Now that's a contradiction of terms.


----------



## reaper (Dec 29, 2009)

Ain't that the truth!


----------



## WTEngel (Dec 29, 2009)

Bear in mind I said "proper" immobilization...rarely achieved due to many circumstances...


----------



## JPINFV (Dec 29, 2009)

I don't think I've ever seen a published study that has shown a decrease in secondary injury due to spinal immobilization. I accept that spinal immobilization is the standard of care. I'll accept that showing benifit is hard considering how over used spinal immobilization is. I'll accept that studying the benefits of spinal immobilization is hard to do. I'll accept that lack of evidence is not the same as no benefit. However, I don't think I'd apply the phrase "evidence based" to spinal immobilization at this time.


----------



## Lifeguards For Life (Dec 29, 2009)

JPINFV said:


> I don't think I've ever seen a published study that has shown a decrease in secondary injury due to spinal immobilization. I accept that spinal immobilization is the standard of care. I'll accept that showing benifit is hard considering how over used spinal immobilization is. I'll accept that studying the benefits of spinal immobilization is hard to do. I'll accept that lack of evidence is not the same as no benefit. However, I don't think I'd apply the phrase "evidence based" to spinal immobilization at this time.

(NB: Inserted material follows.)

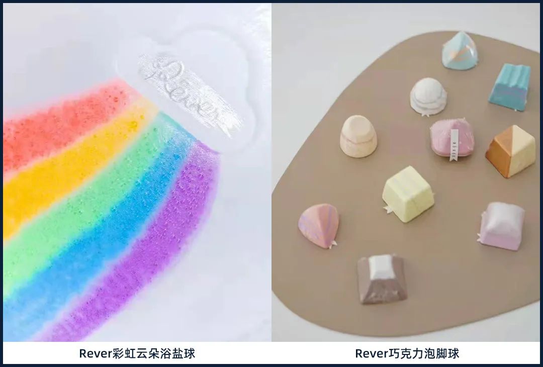 同時(shí),該品牌受到浴鹽球的啟示,衍生出專(zhuān)門(mén)用于足浴的泡腳球。Rever的巧克力泡腳球,外觀(guān)上類(lèi)似于甜品和巧克力,其中添加多種植物精油成分,售價(jià)約159元/227g。在部分消費(fèi)者看來(lái),泡腳球的實(shí)用場(chǎng)景更廣、性?xún)r(jià)比更高,因此這款產(chǎn)品也獲得了比浴鹽球更高的銷(xiāo)量成績(jī)。
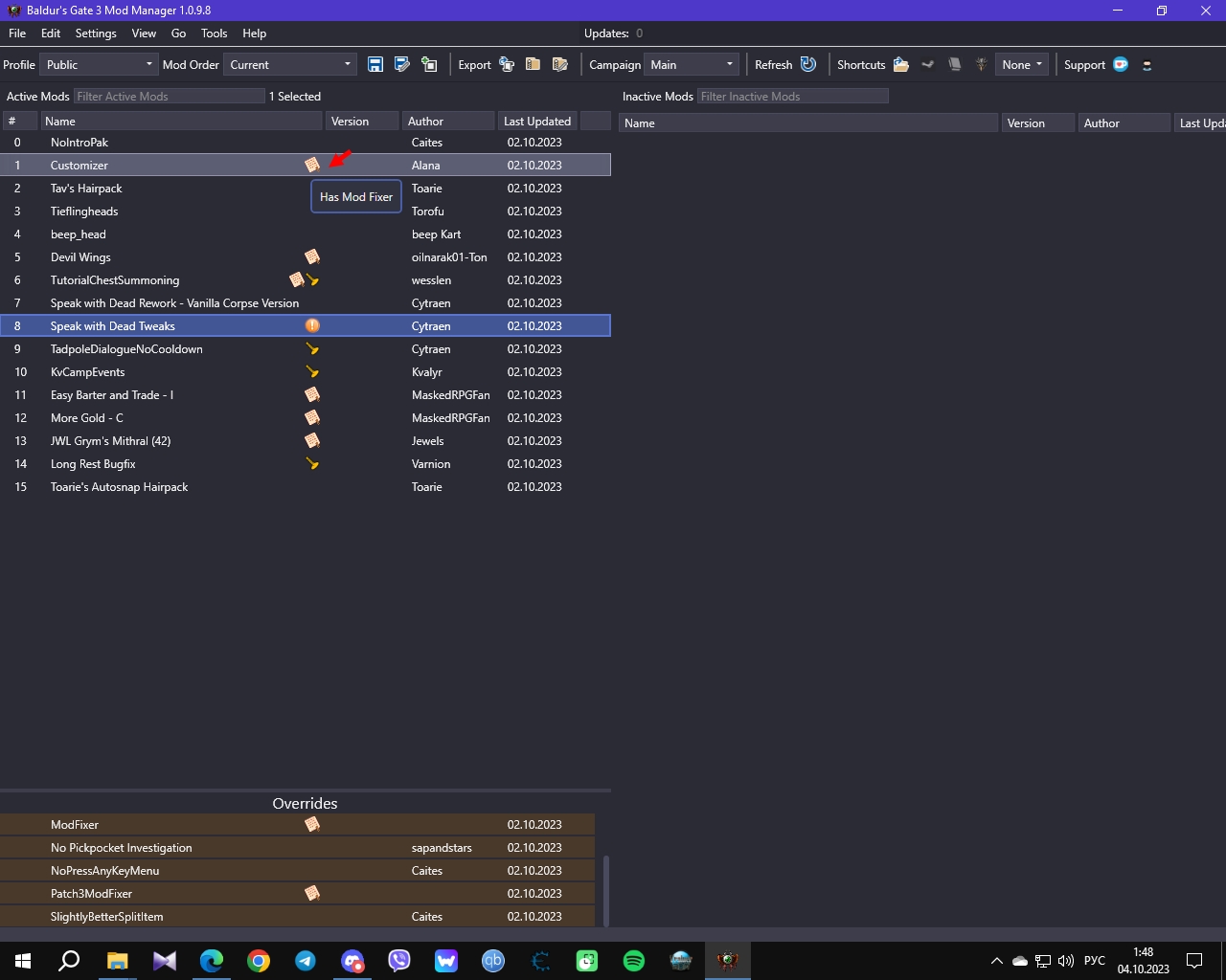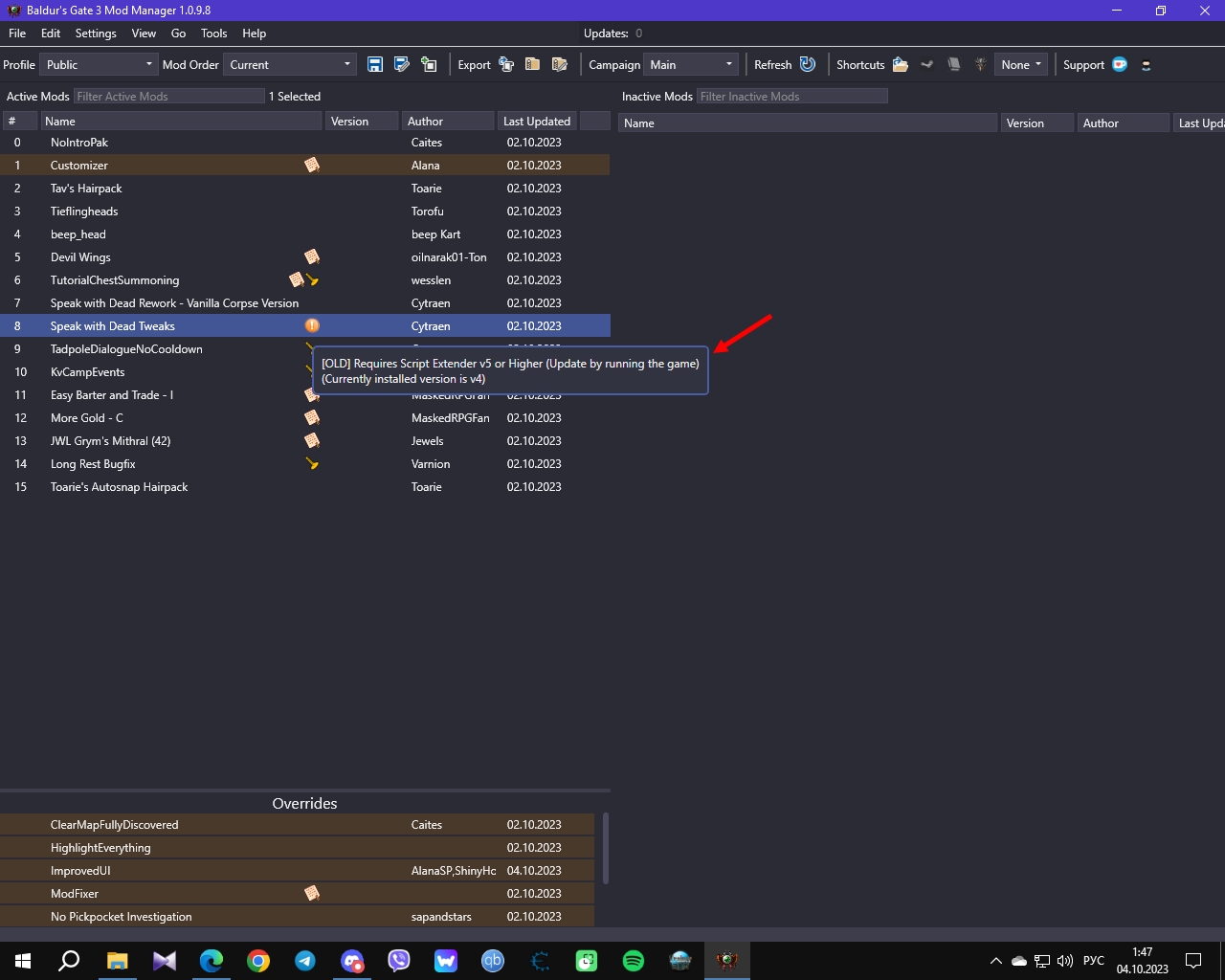 Собственно вопрос по модам: у меня всё с ними в порядке, или конкретно с этим, на скрине, проблема, а с другими, мне не нужно ждать обновления под текущий Хотфикс?

> Hauswald M, Ong G, Tandberg D, et al: "Out-of-hospital spinal immobilization: Its effect on neurologic injury." Academic Emergency Medicine. 5(3):214–219, 1998.
> 
> The University of New Mexico (UNM) School of Medicine has an excellent Department of Emergency Medicine. In this study, one of their faculty members, Mark Hauswald, performed an interesting study. Dr. Hauswald retrospectively reviewed all cases of prehospital spinal immobilization brought to the UNM Medical Center over a five-year period. Then, these were compared with cases from a similar hospital in Malaysia for the same five-year period.
> 
> ...


. 
Are traumatic injuries involving the spine in a third world country, compatible with traumatic injuries in the U.S

But what is the scientific evidence to support field stabilization of the spine? To be honest, there is none — none then, none now. Back then, there was no structure in place to perform prehospital research. And now, it would be difficult to get approval for a study that withholds field spinal stabilization.

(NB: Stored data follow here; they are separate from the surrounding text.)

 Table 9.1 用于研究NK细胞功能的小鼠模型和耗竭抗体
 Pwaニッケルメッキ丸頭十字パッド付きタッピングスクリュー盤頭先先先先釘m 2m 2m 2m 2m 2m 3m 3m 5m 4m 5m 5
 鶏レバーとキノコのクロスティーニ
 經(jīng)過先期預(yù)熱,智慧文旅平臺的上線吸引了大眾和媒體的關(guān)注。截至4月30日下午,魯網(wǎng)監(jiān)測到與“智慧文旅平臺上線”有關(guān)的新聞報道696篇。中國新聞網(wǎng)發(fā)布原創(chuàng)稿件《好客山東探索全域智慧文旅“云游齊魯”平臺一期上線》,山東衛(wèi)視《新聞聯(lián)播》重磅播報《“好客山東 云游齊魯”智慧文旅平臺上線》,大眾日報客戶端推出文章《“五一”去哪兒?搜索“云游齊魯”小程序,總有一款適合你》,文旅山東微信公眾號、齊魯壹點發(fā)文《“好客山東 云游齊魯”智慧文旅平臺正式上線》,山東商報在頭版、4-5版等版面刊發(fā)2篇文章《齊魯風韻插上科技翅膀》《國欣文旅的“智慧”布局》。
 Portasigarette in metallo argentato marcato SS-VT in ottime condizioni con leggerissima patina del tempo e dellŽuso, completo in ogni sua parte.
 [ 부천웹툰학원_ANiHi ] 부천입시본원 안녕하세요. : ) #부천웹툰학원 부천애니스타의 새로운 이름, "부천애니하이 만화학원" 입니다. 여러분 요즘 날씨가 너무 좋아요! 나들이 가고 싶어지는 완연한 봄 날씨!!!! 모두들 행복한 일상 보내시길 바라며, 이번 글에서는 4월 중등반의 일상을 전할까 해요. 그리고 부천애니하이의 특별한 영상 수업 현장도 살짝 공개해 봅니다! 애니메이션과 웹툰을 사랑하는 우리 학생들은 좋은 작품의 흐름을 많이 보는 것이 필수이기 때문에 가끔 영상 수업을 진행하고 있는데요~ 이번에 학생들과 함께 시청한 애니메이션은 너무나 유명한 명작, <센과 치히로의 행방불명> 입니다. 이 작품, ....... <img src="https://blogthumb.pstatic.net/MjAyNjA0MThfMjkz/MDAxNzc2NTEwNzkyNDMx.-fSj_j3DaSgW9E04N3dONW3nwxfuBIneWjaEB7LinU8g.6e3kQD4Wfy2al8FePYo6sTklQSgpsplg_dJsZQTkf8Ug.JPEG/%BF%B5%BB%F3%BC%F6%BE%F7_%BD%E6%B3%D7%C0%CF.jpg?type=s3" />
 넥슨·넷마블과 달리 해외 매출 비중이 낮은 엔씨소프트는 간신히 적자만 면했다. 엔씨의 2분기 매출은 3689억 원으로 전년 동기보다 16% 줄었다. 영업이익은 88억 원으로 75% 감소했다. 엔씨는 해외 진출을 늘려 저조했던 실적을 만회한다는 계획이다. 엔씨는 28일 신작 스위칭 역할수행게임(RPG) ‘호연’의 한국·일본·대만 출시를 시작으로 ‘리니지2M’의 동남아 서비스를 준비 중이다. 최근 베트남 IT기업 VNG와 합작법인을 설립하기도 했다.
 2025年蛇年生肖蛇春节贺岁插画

So what do we currently know about this frequently practiced skill?

1.*Correctly performed spinal stabilization* can effectively limit — but not eliminate — spine movement.
2.Very few patients undergoing prehospital spinal stabilization have a spinal fracture.
3.Potential adverse effects of spinal stabilization include: pain, pressure ulcers, respiratory compromise, and aspiration.
4.There is little scientific proof that field spinal stabilization saves lives or limits disability.

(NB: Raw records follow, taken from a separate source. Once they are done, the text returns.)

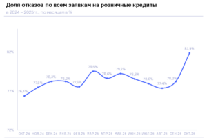 По данным кредиторов, передающих сведения в Национальное бюро кредитных историй (НБКИ), доля отказов по всем заявкам на розничные кредиты (потребительские кредиты, пос-кредиты, кредитные карты, автокредиты и ипотека) в октябре 2025 года составила 81,9%, увеличившись по сравнению с предыдущим месяцем на 3,7 процентного пункта (п.п.) (в сентябре 2025 года – 78,2%), а по сравнению с аналогичным периодом прошлого года – на 5,5 п.п. (в октябре 2024 года – 76,4%). При этом в октябре было отмечено самое высокое значение данного показателя за последний год.
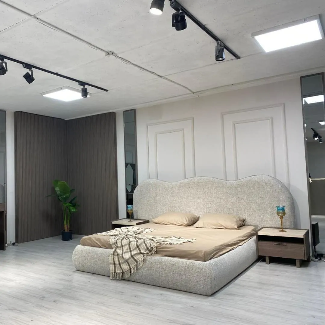 Minimalist Lamited Cream and Wood Grain Bedroom Suite with Textured Decor
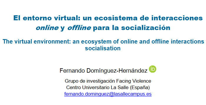 Desde el área de investigación nos complace compartir con vosotros y vosotras una nueva publicación de nuestro compañero Fernando Domínguez Hernández. El artículo, titulado “El entorno virtual: un ecosistema de interacciones online y offline para [...]
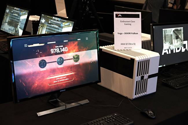 Toutefois, la carte MI25 était installée dans une tour Corsair Carbide A240, et faisait tourner Doom sous Vulkan en UHD tous les détails à fond à plus de 60 images par seconde. Certes c'est joli mais pas impressionnant pour plusieurs raisons. Doom n'est pas le plus gourmand des jeux, et de plus il utilise une API assez peu utilisée actuellement, qui va en confrontation directe avec DX12 mais aussi DX11. Ces scores ne reflètent donc pas la tenue de la carte sous DX. Ce n'est qu'un aperçu mais cette exhibition montre que ça avance bien, et que les rumeurs de VEGA cette année dans des cartes grand public dès le mois d'octobre étaient des grosses vannes.
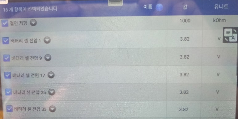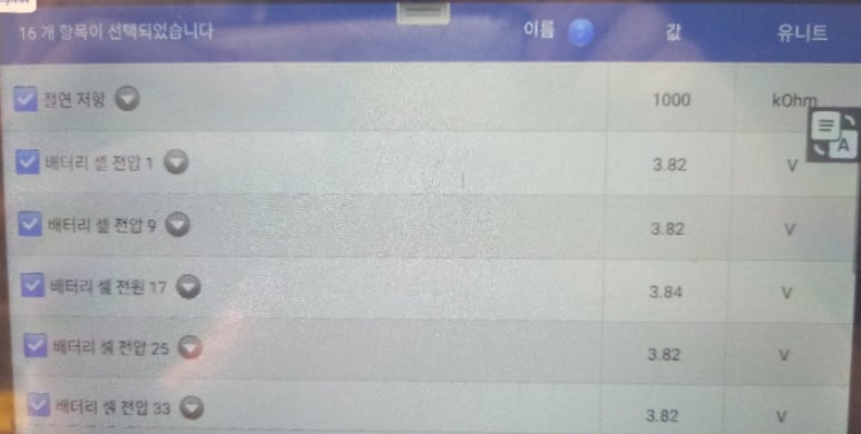 저희 업체의 전매특허인 고전압배터리 모듈별 셀간 전압 편차가 0.00볼트로 신차 수준임을 단번에 확인할 수 있는 내용입니다. 시스템 작동 상황 속에서도 0.02볼트로 현대기아차 매뉴얼 기준을 벗어나지 않는 하이브리드 배터리 수준 증명하고 있습니다.
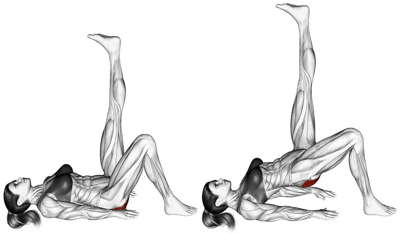 На вдохе опускаемся в течение 2-3 секунд в нижнюю точку, затем на выходе толкаем пяткой опорной ноги пол и поднимаем таз наверх.
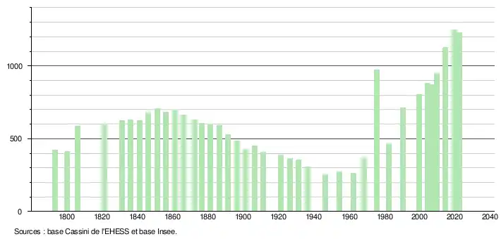 L'évolution du nombre d'habitants est connue à travers les recensements de la population effectués dans la commune depuis 1793. Pour les communes de moins de 10 000 habitants, une enquête de recensement portant sur toute la population est réalisée tous les cinq ans, les populations de référence des années intermédiaires étant quant à elles estimées par interpolation ou extrapolation[16]. Pour la commune, le premier recensement exhaustif entrant dans le cadre du nouveau dispositif a été réalisé en 2004[17].
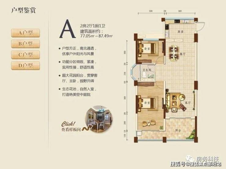 A户型 两房两厅一厨一卫 建筑面积为77.05-87.49㎡

> It is estimated that 3% to 25% of spinal cord injuries occur after
> the initial traumatic insult, either during transit or early in the course of
> management.(11,12,40,46,78,92) Multiple cases of poor outcome from mishandling of cervical
> spinal injuries have been reported.(9,49,78,92) As many as 20% of spinal column injuries involve
> ...





> Overall, 180 consecutive patient records were reviewed. They were separated into two groups. Group one arrived by EMS, and group two by police and private vehicle (P/PV). Out of those, 88 arrived by EMS and 92 by P/PV (77 by police and 15 by private vehicle). Seven of the 88 (8.0%) EMS patients survived to hospital discharge compared to 16 or 92 (17.4%) of those that arrived by P/PV.
> 
> Time to injury and arrival at the hospital was not because it was unavailable or unreliable from the P/PV group. The mean EMS pre-hospital time was 19.0 +/- 9.0 (range, 5-54) minutes. The EMS patients more often exhibited signs of life in the field and had a lower injury severity scored in comparison to the P/PV group. Moreover, EMS patients were more likely to lose SOL prior to ED arrival despite more aggressive attempts at CPR.


http://www.jems.com/news_and_articles/columns/Wesley/Scoop_and_Run.html
http://www.spineuniverse.com/pdf/traumaguide/1.pdf
http://www.wildernessdoc.com/assets...Smith CSEC Telluride Spine Appendix Notes.pdf
http://pdm.medicine.wisc.edu/Volume_20/issue_1/kwan.pdf


----------



## firemedic1563 (Dec 29, 2009)

The benefits of spinal immobilization are without a doubt controversial. That is another debate. I would argue that while it MAY not be beneficial in the vast majority of cases, I would not want to be the provider who did not apply it to the neurolgically intact trauma victim, only to have them moved and havea disability.

Now, to take over the soapbox from the previous poster. Would you place an adult patient on the stretcher in their car seat? Ok, a bit of an exageration, but would you? A good rescue company could cut their seat out with no problem. Why then transport the injured/potentially injured child in theirs(which may have already sustained damage that would make it fail in an ambulace MVC).

Its quite easy, and not very time consuming to rapidly move the child to a pediatric imobilizer with just a padded board splint and two or three providers. Our interfaciltiy pediatric team has the policy of immobilizing ALL trauma's except for isolated extremeties. Know why? Because even in the local ED setting, spinal injuries have been ruled out when there was in fact one found once at the pediatric trauma center.


----------



## EMSBLONDIE24 (Dec 29, 2009)

medichopeful said:


> Are cravats really strong enough to hold a car seat in an MVC?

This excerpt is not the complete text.